● **Assignment**: Your answer must be an exact copy of the lines from the one containing "不管是熙熙攘攘的商场、超市,还是车水马龙" through the last line of the records below, with no pictures; please include nothing else.

[Items from a dataset]
Start of Block

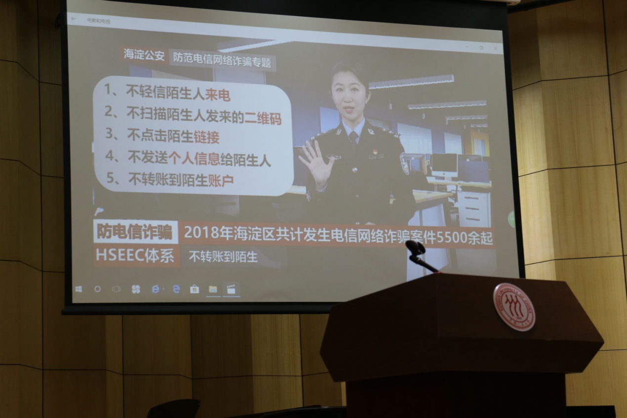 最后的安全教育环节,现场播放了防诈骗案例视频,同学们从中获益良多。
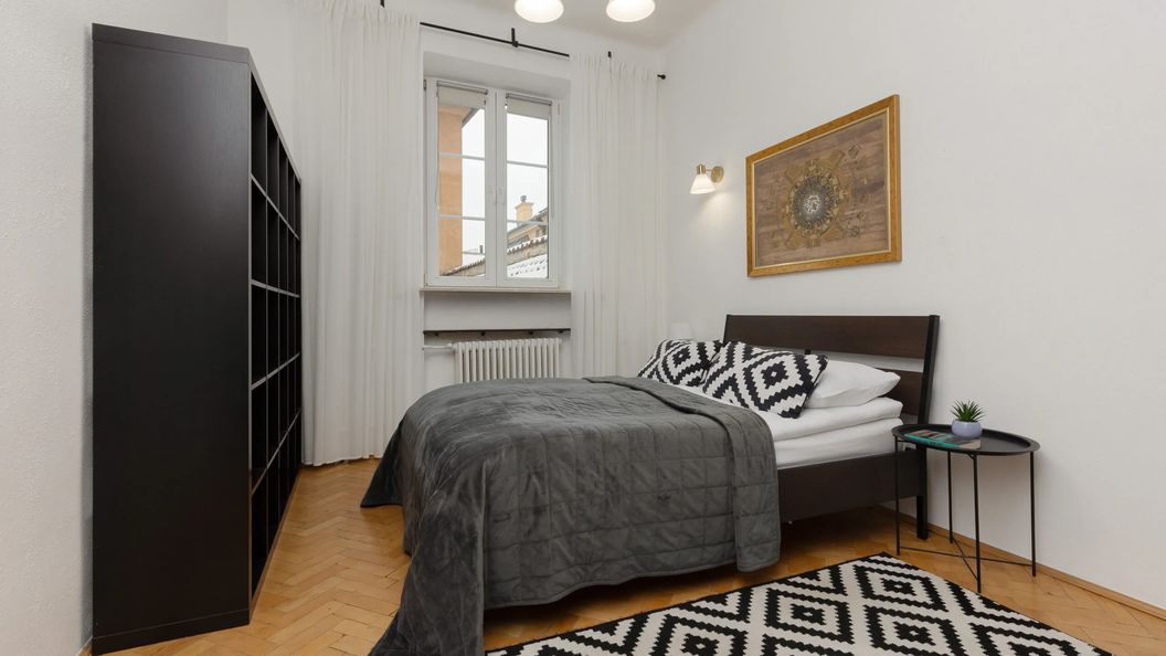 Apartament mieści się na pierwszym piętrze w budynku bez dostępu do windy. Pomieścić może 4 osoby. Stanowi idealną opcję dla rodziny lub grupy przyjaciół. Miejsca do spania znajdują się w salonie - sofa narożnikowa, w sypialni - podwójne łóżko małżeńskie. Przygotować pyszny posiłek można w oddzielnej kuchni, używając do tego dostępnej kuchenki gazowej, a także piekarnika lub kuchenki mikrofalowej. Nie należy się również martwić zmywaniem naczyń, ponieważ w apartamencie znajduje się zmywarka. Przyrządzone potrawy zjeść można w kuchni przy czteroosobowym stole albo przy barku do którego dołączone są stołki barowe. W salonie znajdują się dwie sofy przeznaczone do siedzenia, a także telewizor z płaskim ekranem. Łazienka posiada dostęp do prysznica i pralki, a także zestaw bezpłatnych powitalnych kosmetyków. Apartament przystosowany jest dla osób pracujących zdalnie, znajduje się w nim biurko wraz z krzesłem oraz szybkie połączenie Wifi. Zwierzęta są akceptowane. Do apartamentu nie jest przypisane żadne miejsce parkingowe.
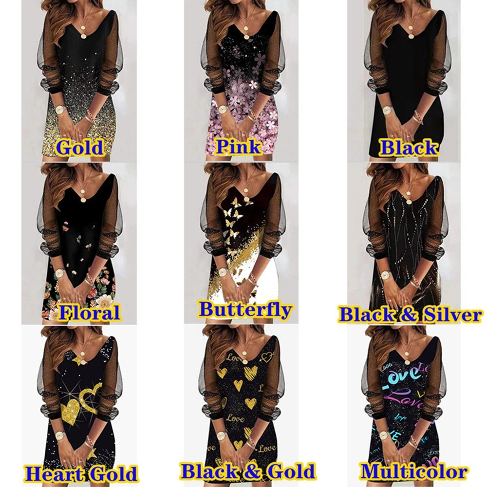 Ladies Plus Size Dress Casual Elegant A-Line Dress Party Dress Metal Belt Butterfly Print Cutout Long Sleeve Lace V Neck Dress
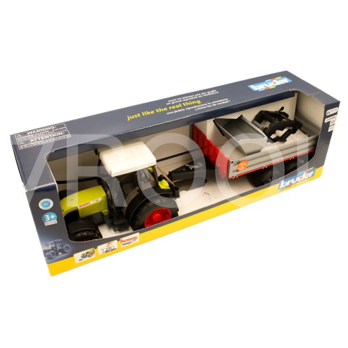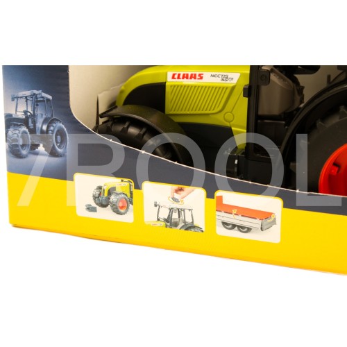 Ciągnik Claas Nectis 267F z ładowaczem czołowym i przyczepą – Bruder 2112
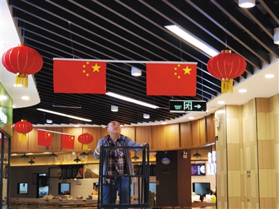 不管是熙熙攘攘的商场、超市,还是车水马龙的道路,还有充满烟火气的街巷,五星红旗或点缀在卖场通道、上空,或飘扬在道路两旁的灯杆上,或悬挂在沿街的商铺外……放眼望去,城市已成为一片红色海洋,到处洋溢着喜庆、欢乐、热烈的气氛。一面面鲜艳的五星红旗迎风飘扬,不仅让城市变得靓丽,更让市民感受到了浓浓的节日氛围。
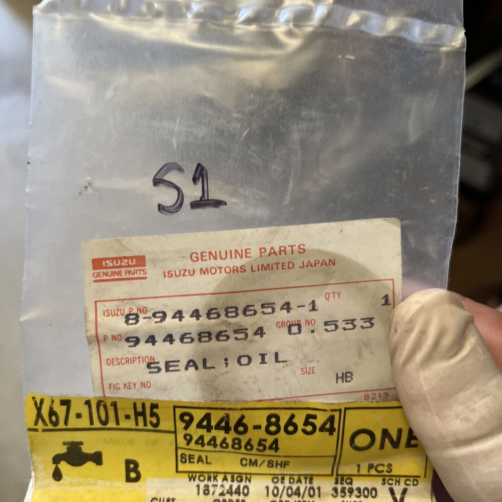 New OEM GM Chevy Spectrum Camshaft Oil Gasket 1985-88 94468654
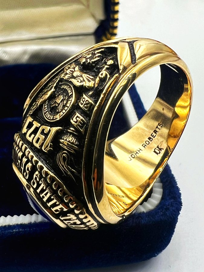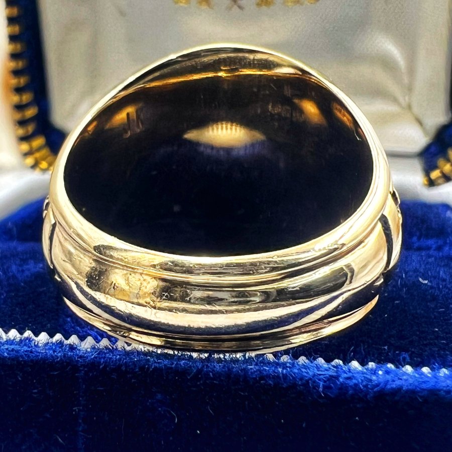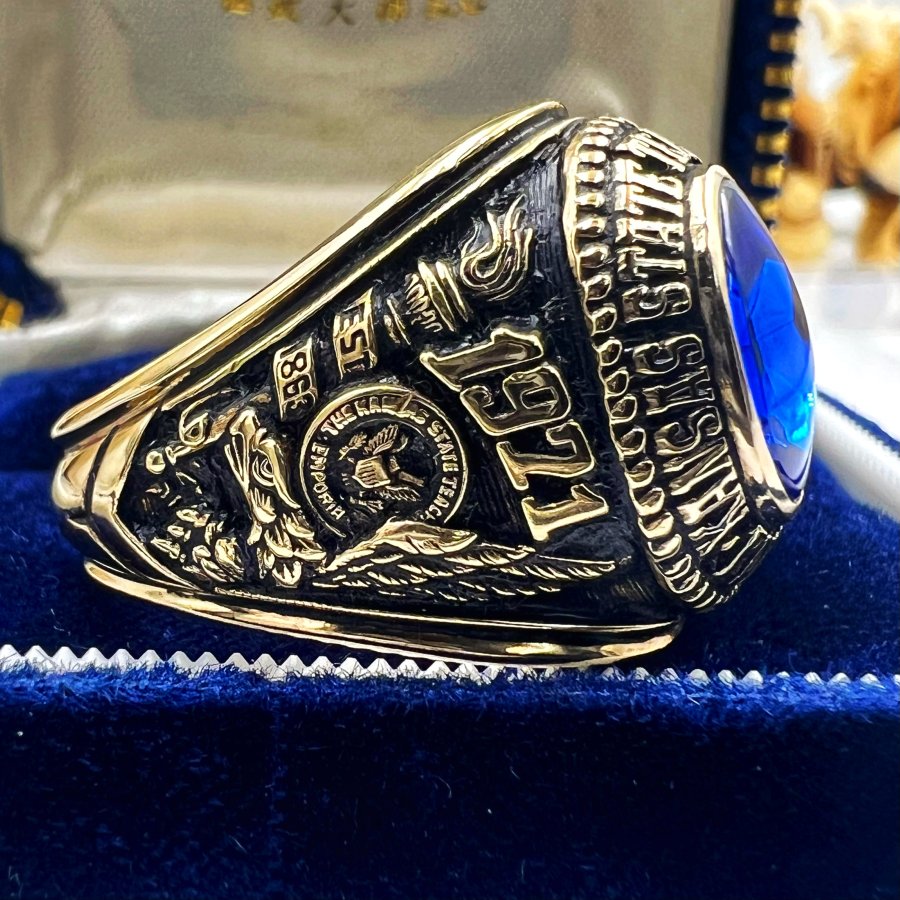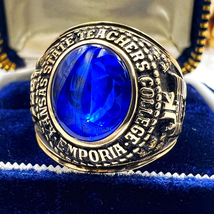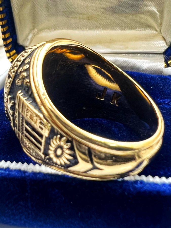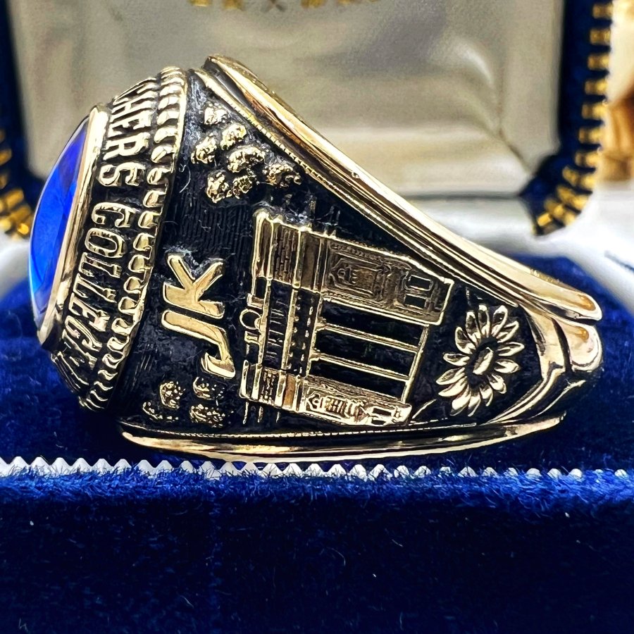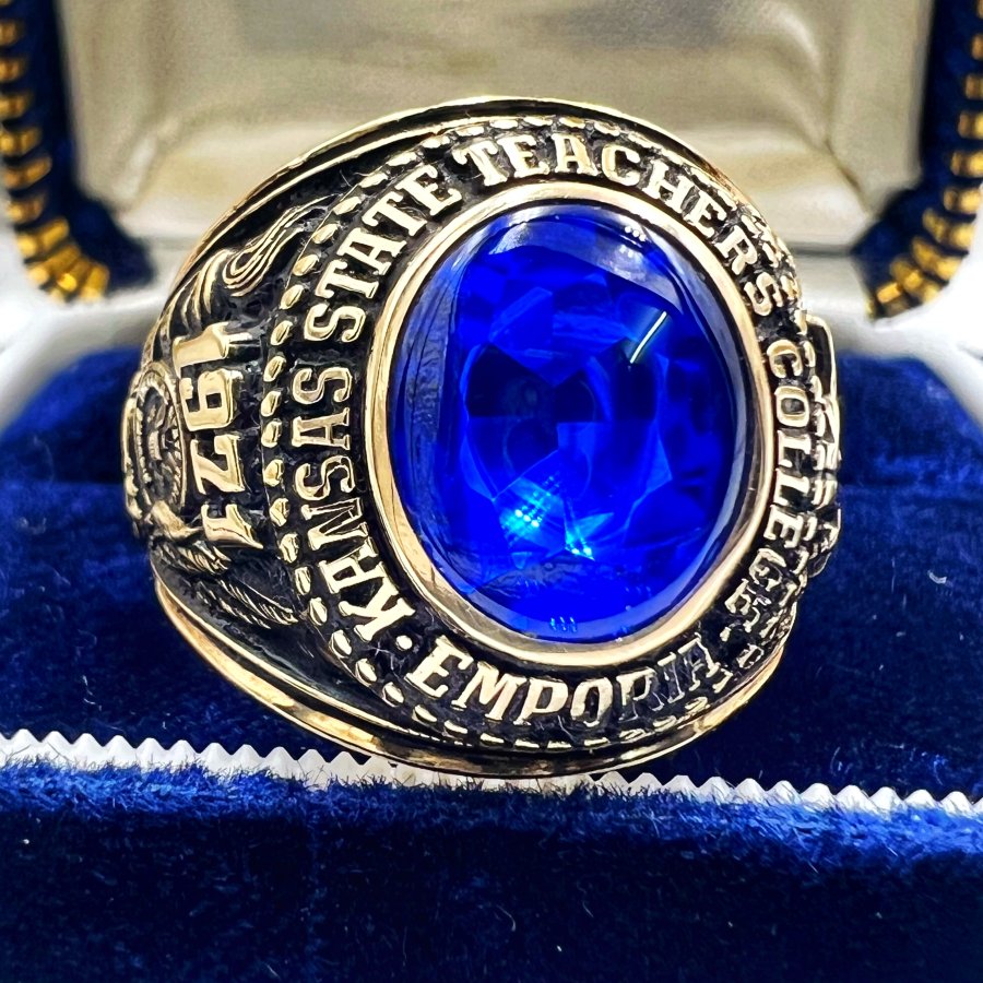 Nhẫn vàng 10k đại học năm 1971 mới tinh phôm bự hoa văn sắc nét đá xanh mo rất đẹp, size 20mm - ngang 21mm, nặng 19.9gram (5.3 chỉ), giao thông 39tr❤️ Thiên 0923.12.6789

End of Block

● **Output of the exercise**:
 不管是熙熙攘攘的商场、超市,还是车水马龙的道路,还有充满烟火气的街巷,五星红旗或点缀在卖场通道、上空,或飘扬在道路两旁的灯杆上,或悬挂在沿街的商铺外……放眼望去,城市已成为一片红色海洋,到处洋溢着喜庆、欢乐、热烈的气氛。一面面鲜艳的五星红旗迎风飘扬,不仅让城市变得靓丽,更让市民感受到了浓浓的节日氛围。
 New OEM GM Chevy Spectrum Camshaft Oil Gasket 1985-88 94468654
 Nhẫn vàng 10k đại học năm 1971 mới tinh phôm bự hoa văn sắc nét đá xanh mo rất đẹp, size 20mm - ngang 21mm, nặng 19.9gram (5.3 chỉ), giao thông 39tr❤️ Thiên 0923.12.6789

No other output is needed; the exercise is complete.